[MD] Intellect battles the barbarians

Arlo Bensinger ajb102 at psu.edu
Wed Oct 25 09:30:29 PDT 2006


[Craig]
The closest we've gotten is during the hightlight of women's liberation 
when they went sans bra.

[Arlo]
In the actual article Platt references, the woman is only demanding that 
girls under the age of 15 be forbidden from wearing a veil, because "By 
putting a veil on a girl you are immediately saying to the outside world 
that she is sexually mature and has to be covered."

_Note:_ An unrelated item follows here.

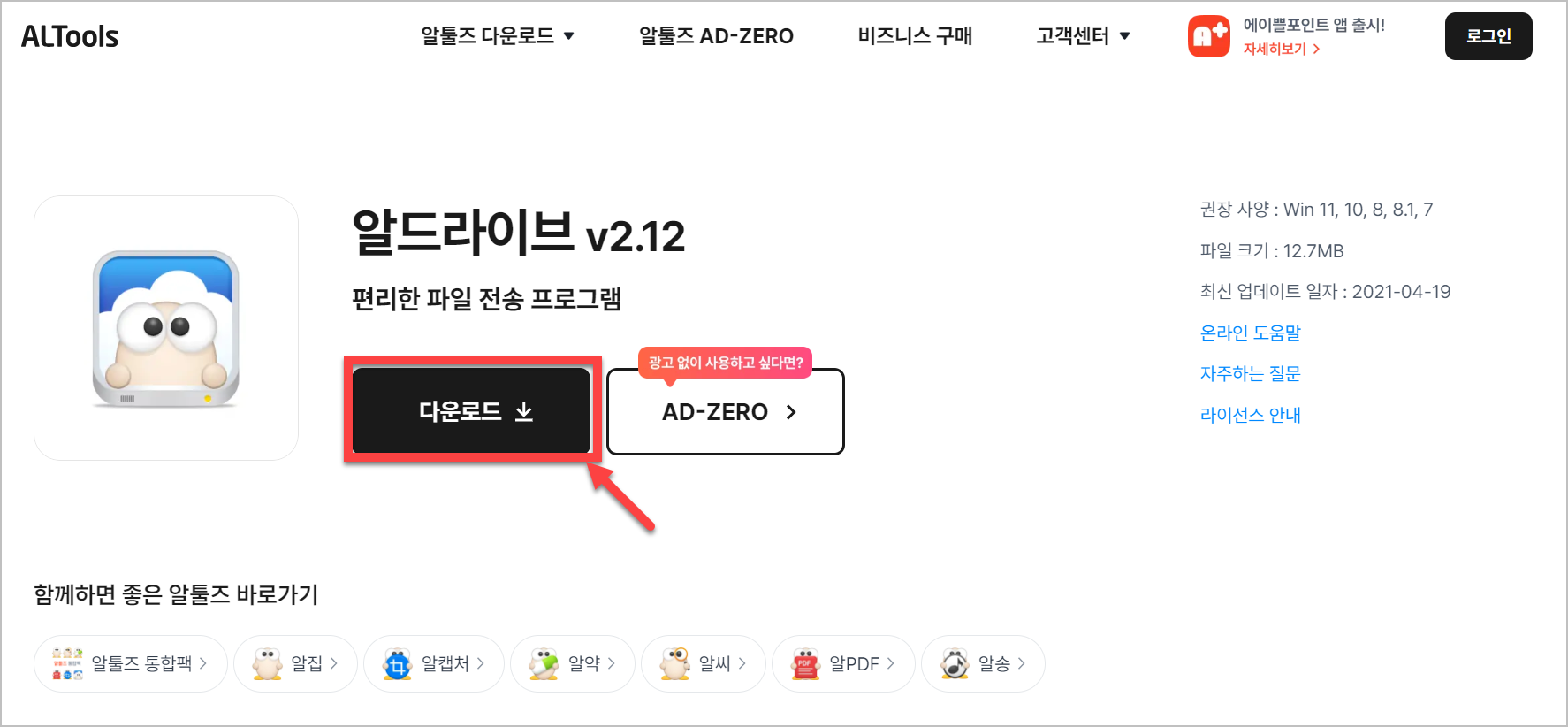 예전에는 네이버 소프트웨어에서 많이들 다운로드 하고 그랬는데, 요즘에는 그런 유틸리티 창고같은것들이 많이 없어졌죠. 그래서 공식홈페이지에서 다운로드 하는게 좋습니다. 위 링크를 클릭하시면 편리하게 이용을 할 수 있습니다.
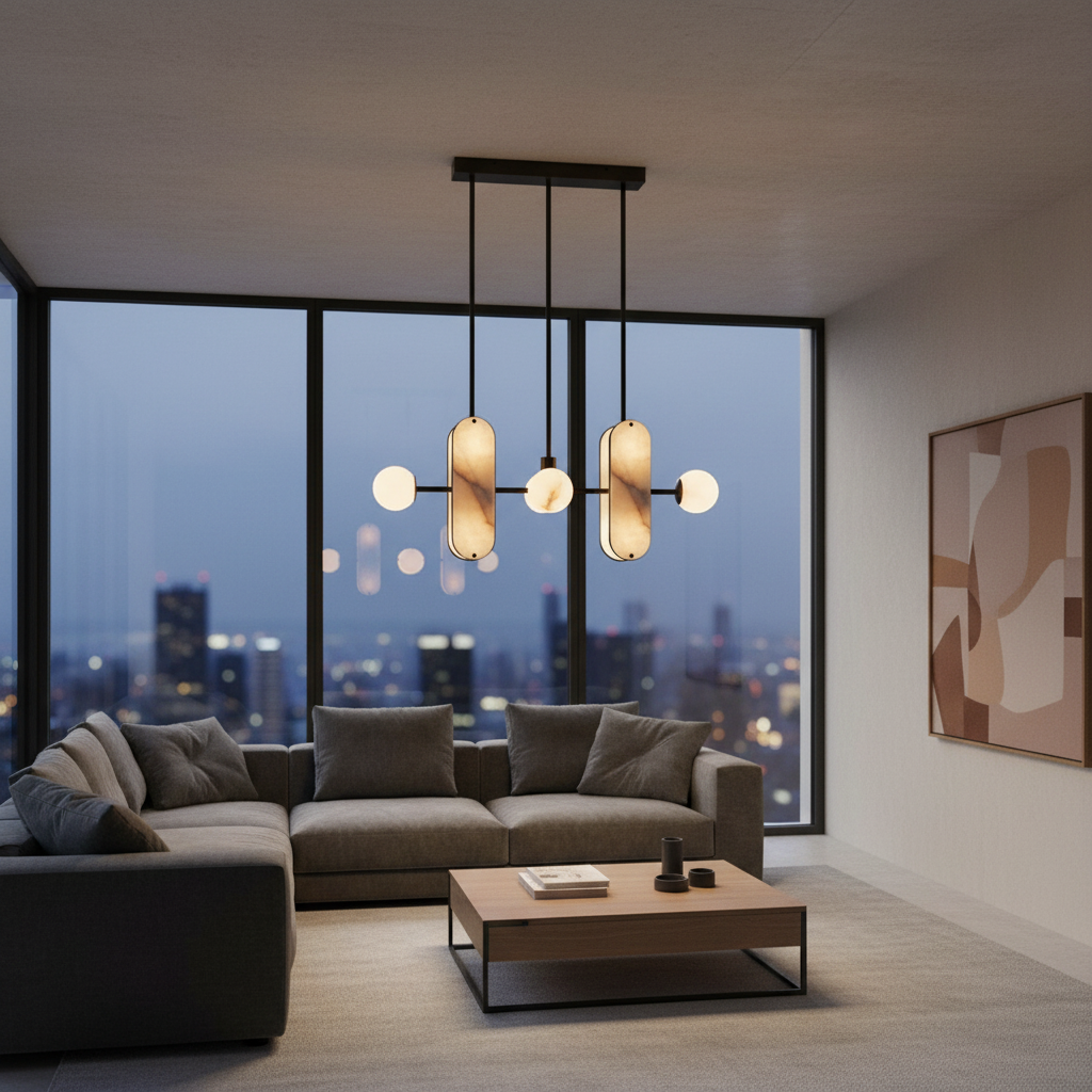 Introducing the Alabaster Megalith Pendant Lamp, where sculptural form meets softly diffused light. The natural alabaster shade opens into a gentle radiance, enriching the room with a warm, emotional glow that feels instantly inviting. Subtle mineral veining reveals itself gradually-never dramatic, always tender-creating a quiet sense of movement within the stone. This understated presence allows the pendant to harmonize beautifully with interiors centered on ease, comfort, and modern elegance. Designed as a refined focal point or a serene accent, the Alabaster Megalith Pendant Lamp brings depth, warmth, and a timeless, premium character to any space.

If that is a champion for the "intellectual level", how does that differ 
from "By putting a top on a girl you are immediately saying to the outside 
world that she is sexually mature and has to be covered"? Shouldn't the 
same intellectual level victory then say that girls under the age of 15 be 
forbidden from wearing (for example) bathing suits that cover their 
breasts, because we don't want to say to the outside world that she is 
sexually mature?

What this will all boil down to, is that "Platt's Pappy told him that girls 
chests are sexual but their faces are not". Despite the fact that both are 
only made sexual by culture. Men have faces, and men have chests (with 
nipples they are allowed to parade in public). Why are the same features on 
a girl "sexual" in either case? It is a matter of one cultural (social 
level) pattern of sexuality versus another. In both cases, its a matter of 
men covering up parts of women's bodies they find "sexual". Shouldn't women 
be able to decide for themselves what parts of their bodies they want to 
cover, and what parts they don't? You see, I'm not arguing for veils, I'm 
arguing for choice. If a woman wants to wear a veil or wear a shirt, all 
power to them. But if they don't, who are men who sexify their body parts 
to tell them what should be covered and what should not? Or, conversely, if 
Muslim men are as turned on by faces as American men are by breasts, 
shouldn't they too have the right to force women to cover up what they find 
provocative? Or, is it only immoral when it opposes Platt's personal sexual 
proclivities?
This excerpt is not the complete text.